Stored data
- Opening Delimiter -

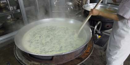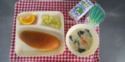 今日の献立は、ほうれん草のクリームシチュー、キャベツのサラダ、いよかん、黒糖パン、牛乳です。
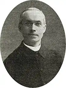 When the 1881 Jules Ferry laws led to the expulsion of the Jesuits in France,[2] Crimont continued his studies at Victoria College in St Helier, Jersey and Collège Saint-Servais in Liège, Belgium. At Liège he also served as a prefect and teacher of catechism (1882-83). Taking ill and given only weeks to live, he traveled to Lille and there met the Italian priest John Bosco, whose prayers Crimont claimed restored him to health.[3]
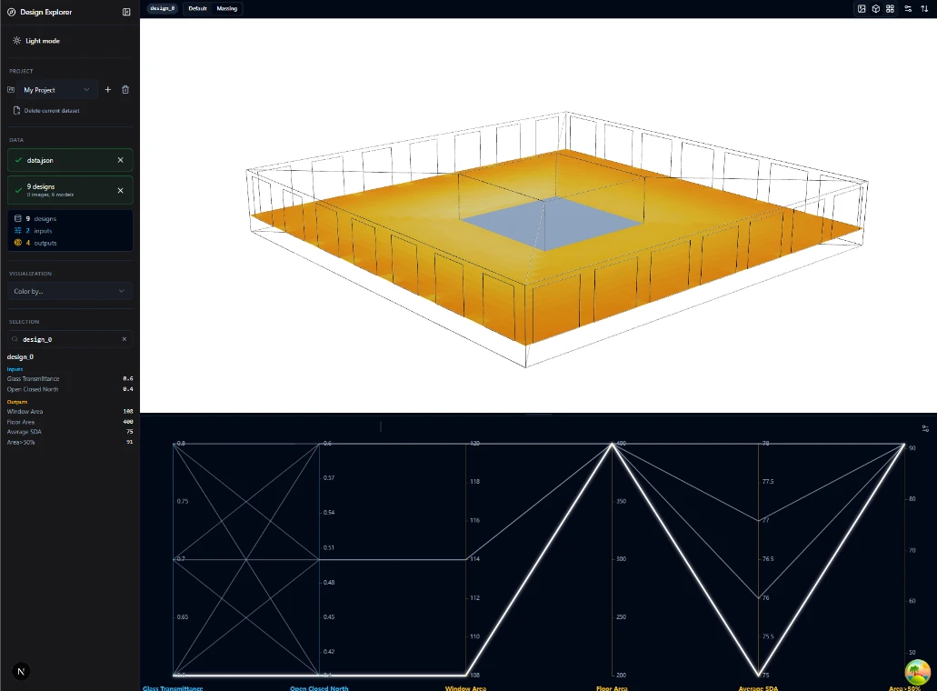 To navigate the massive amount of data generated by these simulations, we will set up an advanced data management framework. This will allow us to generate a brute-force dataset of design iterations, which participants will analyze using a custom, in-house Design Explorer. Finally, we will use Galapagos for single-objective optimization and Opossum for multi-objective criteria, iteratively refining the building before blending the technical outputs with AI-generated visual aesthetics.
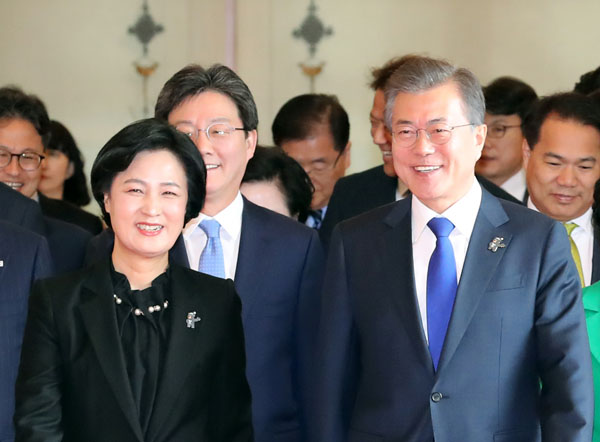 秋美愛法相(左)と文在寅大統領(C)YONHAPNEWS/ニューズコム/共同通信イメージズ
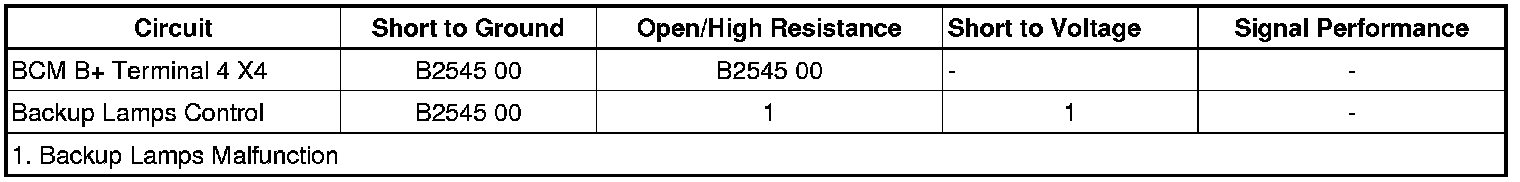 When DTC B2545 00 is present, the backup lamps will not operate.
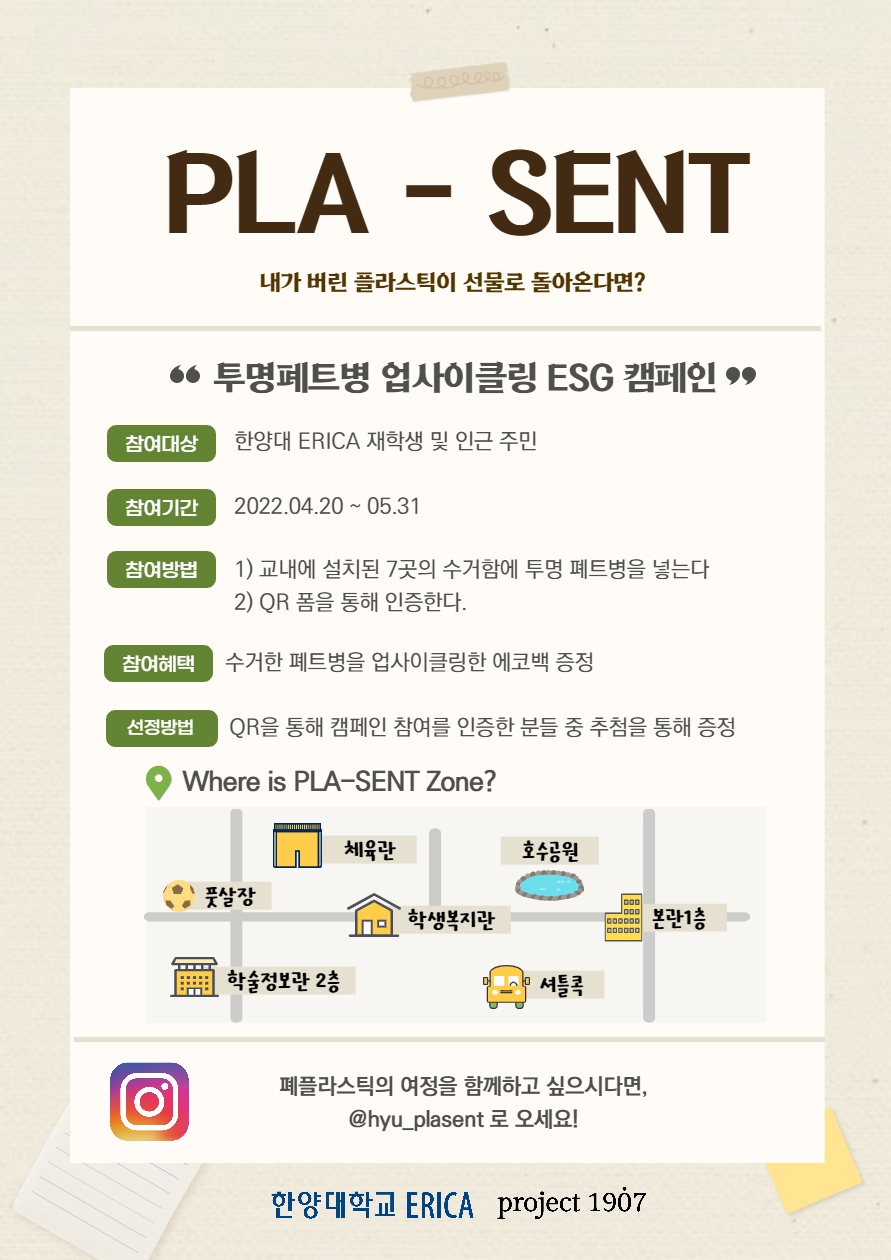 한양대학교ERICA 관재팀에서는 2021학년 2학기 IC-PBL수업 성과물 “한양대 ERICA 환경캠페인 홍보방안”에 동참하여「플라스틱 폐기물 업사이클링(PLA-SENT)」사업을 실시하오니 올바른 플라스틱 사용문화가 정착 될 수 있도록 구성원 여러분들의 많은 관심과 참여를 부탁드립니다.
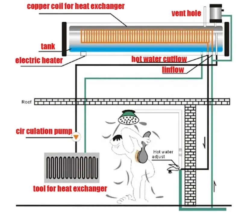 250L Pressurized Solar Water Heater System with Copper Coil Exchanger Vacuum Tube for Home or Commercial
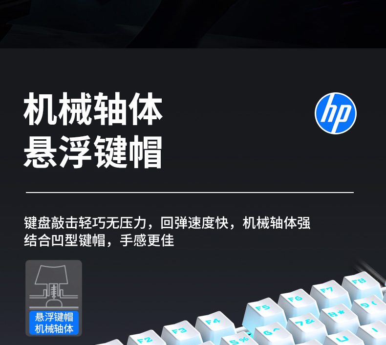 商品名称:HP/惠普GK100机械键盘鼠标套装游戏电竞笔记本台式电脑有线办公键鼠青轴黑轴茶轴红轴外接104键专用lol外设

- Closing Delimiter -

* **Your objective**: Write out word for word the lines above that run from the one with "秋美愛法相(左)と文在寅大統" to the one with "When DTC B2545". Include both end lines; exclude the images.

* **Answer**:
 秋美愛法相(左)と文在寅大統領(C)YONHAPNEWS/ニューズコム/共同通信イメージズ
 When DTC B2545 00 is present, the backup lamps will not operate.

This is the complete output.